Money Smarts Blog

Financial Adulting in the New Year

Dec 23, 2019 | Jamie Miller

2020 stacking on coins

There’s nothing magical about New Year’s Day, but starting fresh in the new year can be a pretty powerful notion. Many people start Jan. 1 with resolutions to be financially fit, but few stick to it or know how to put a plan in action. Follow our guide to financial stability in the new year, and ring in 2021 in even greater style.

Start the night before: Skip the fancy party

Getting dressed up to spend the night in a fancy club or restaurant with friends always sounds so glamourous. But, once you get there, the reality is usually that the venue is overcrowded, the drinks are outrageously expensive (and watered down), and it’s hard to get the inundated waiters’ attention, much less some actual food. In short, it’s rarely as much fun as you thought it would be. Alternatively, spend the night at a quiet (and reasonably priced) restaurant with friends, or invite some people over to yours for a BYOB party. These might be more enjoyable – and affordable – ways to welcome the New Year.

On Jan. 1 (or close to it): Get the whole picture

Take stock of your spending. If you haven’t been keeping a spreadsheet, such as the one we offer here, or using an app, such as our Money Management tool in Online Branch or Mint, to track your expenses, now is the time to go back through your bank account and credit card statements. Organize your spending in categories that work for you; perhaps:

  • dining and entertainment
  • household needs
  • groceries
  • clothing and shopping
  • utilities
  • rent/mortgage

Once you determine where and how you’re spending your money, you can decide if you need to cut back and where. Then, after considering your income after taxes, you can create a monthly budget for each category. Don’t forget to include a category for savings and retirement. The day will come when you’re grateful you started now.

April/May: Bring in extra cash

You’ve just started to get the hang of sticking to your budget, and it’s already time to re-evaluate.
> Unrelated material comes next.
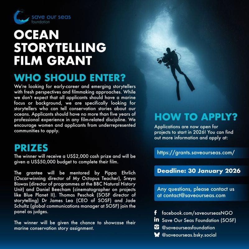 The Save Our Seas Foundation Grants fund impactful projects focused on sharks, rays & threatened marine species, supporting research, conservation, education, and ocean storytelling. Grants include Keystone & Small Grants, Conservation Fellowships, and Storytelling Photography and Film Grants — with opportunities open worldwide!

We know it can be tempting to keep going as you have been, – and maybe that’s exactly what you should do – but now is a good time to take a look at the rest of the financial picture. Do you have student loans you could be paying down faster? Credit card debt that it’s time to pay off in full? No matter the reason, you can find room in your budget. It might be a matter of cutting back somewhere else, or maybe it’s time to look into a side gig. Take stock of your room and decide if there are a few things you could take to a consignment shop or sell on ebay. If you’re amazing at knitting or making jewelry or woodworking, consider opening an Etsy shop. Graphic designers, writers and editors might consider getting some freelance work. No matter the goal, now is the time to start.

August: Solidify your financial future

Now you’ve hit your stride! You’re sticking to your budget, bringing in some extra money, and paying off your debts. It’s time to kick your new financial savvy into high gear. It might be time to meet with a financial advisor or enroll in a personal finance course to learn how to make the most of the money you’re saving. Consider Udemy’s Personal Finance 101 course or Alison’s Introduction to Managing Your Personal Finance Debts. Both are free.

December: Celebrate!

Congratulations! You’ve made it through a full year of sticking to a budget, bringing in extra cash, saving, paying down your debts and even learning how to maximize your assets for the future. You deserve to go to that glamourous party this year, you know, if you really want to.